Task requirements
Copy exactly, and only, the lines between the start of the entries below and the line containing "農家さんから譲り受けた野菜も販売しています", both inclusive. Omit pictures.

Data in this exercise

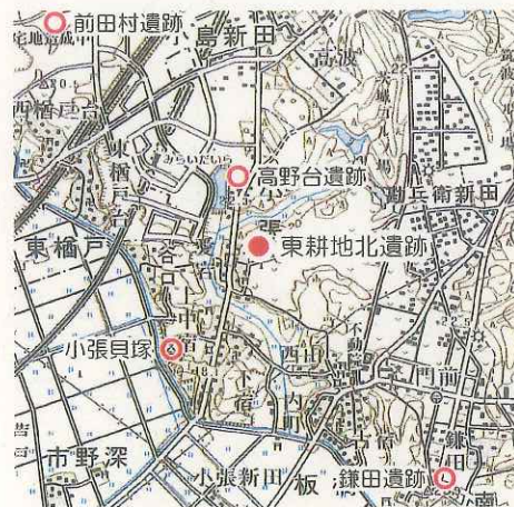
遺跡位置図 (国土地理院 5 万分の 1 「龍ヶ崎」)

東耕地北遺跡は、つくばみらい市の中央部、西谷田川と小貝川の支流である中通川に挟まれた標高約 20m の台地上に立地しています。当遺跡周辺の縄文時代の遺跡としては、前期から晩期にかけての大規模集落跡である前田村遺跡をはじめ、前期の田村貝塚、後期の小張貝塚、早期から中期の土器片が出土した高野台遺跡、中期の貯蔵穴が確認された鎌田遺跡などがあり、当時、内海であった小貝川の低地を望む台地の縁辺部に遺跡が点在しています。
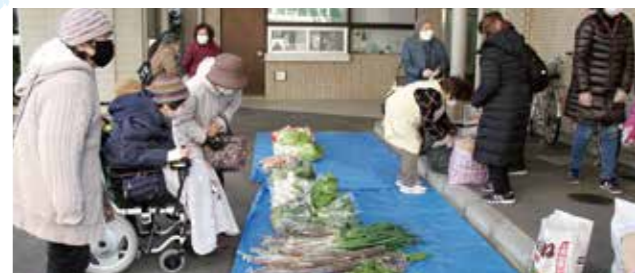
農家さんから譲り受けた野菜も販売しています

みんなの家は、光が丘2丁目の地域を中心に子ども食堂やフードバンクを行うグループです。子どもの貧困やひとり親家庭、ひとり暮らしの大人が増えていることをきっかけに、子どもが健やかに育ってほしい、食を通して生きる力を持ってほしい、顔見知りを作ってほしいという思いから始まりました。
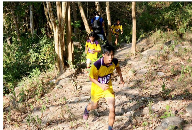
Các vận động viên tranh tài ở phần thi leo núi.

Sau nhiều lần tổ chức, Hội thi leo núi Tà Cú đã trở thành điểm hẹn quen thuộc của các vận động viên đến từ các tỉnh miền Đông Nam Bộ, miền Trung và Tây Nguyên.

Solution to this task
遺跡位置図 (国土地理院 5 万分の 1 「龍ヶ崎」)

東耕地北遺跡は、つくばみらい市の中央部、西谷田川と小貝川の支流である中通川に挟まれた標高約 20m の台地上に立地しています。当遺跡周辺の縄文時代の遺跡としては、前期から晩期にかけての大規模集落跡である前田村遺跡をはじめ、前期の田村貝塚、後期の小張貝塚、早期から中期の土器片が出土した高野台遺跡、中期の貯蔵穴が確認された鎌田遺跡などがあり、当時、内海であった小貝川の低地を望む台地の縁辺部に遺跡が点在しています。
農家さんから譲り受けた野菜も販売しています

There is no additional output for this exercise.